NEC’s AI supercomputer was essential to the development of an LLM. What is it exactly and what potential does it have? We interviewed the chief of development of the AI supercomputer to hear about the details.
Building your own generative AI
― Tell us about NEC’s AI supercomputer.
In March 2023, NEC built and started operation of the largest privately-owned supercomputer in Japan.* An AI supercomputer is a super-high-speed computing system that boosts the efficiency of AI training process. This enables a drastic reduction in the time spent on building an AI.
Some language models used as a base for typical LLMs can take up to 355 years to complete AI training using only one GPU. Today, AI supercomputers are essential for researching and developing large, cutting-edge AIs such as generative AIs.
NEC’s newly released LLM was trained using 512 GPUs equipped on NEC’s AI supercomputer. Developing and having an AI supercomputer means the same as having the ability to create advanced generative AIs in-house. This is very meaningful to researchers, partners, and our customers.

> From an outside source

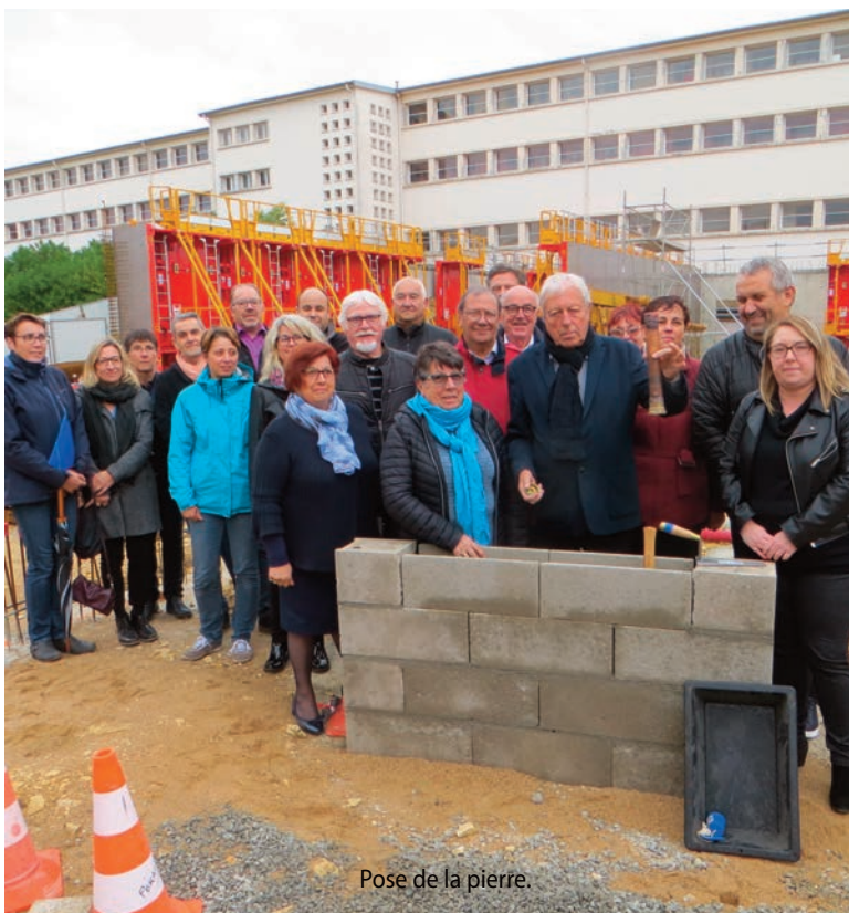
Pose de la pierre.

Creating the future with generative AIs
― Tell us about the policy for developing AI supercomputers in the future.
People can use not only language but also images and audio to model various real-life events for making decisions upon considering the best action and solution based on future prediction. This is a sophisticated action we do subconsciously daily, underlaid by decades of knowledge acquired through regular life.
In order to create an AI that supports sophisticated human decision-making, we need to train the AI with enormous amounts of knowledge similar to that used by humans. Nevertheless, since it takes a long time to train even a language-proficient AI, far more computational ability is required to build an AI that can also handle images and audio.
AIs are at the center of the digital revolution, and their large-scale computational ability can be the source of competitiveness. To this end, we intend to expand our computational ability further. We aim to significantly scale out the world-class abilities of NEC’s excellent AI researchers and continue developing advanced generative AIs as part of our efforts for new social value creation using AIs.
While there are a variety of LLMs, including GPT, NEC’s LLM has the following features: it supports the Japanese language and allows for practical application thanks to its smaller model size. Another key factor is that NEC has the largest supercomputer for AI research among Japanese companies.
While being a medium size (largest class in Japan*), it is equipped with learning data distribution and search functions to maximize learning efficiency to exert high performance. The smaller model size also possibly allows for its use on-premise in an environment that handles confidential information.
- *As of end of June 2023 based on research by NEC
- *The information published on this page is as of the date of publication.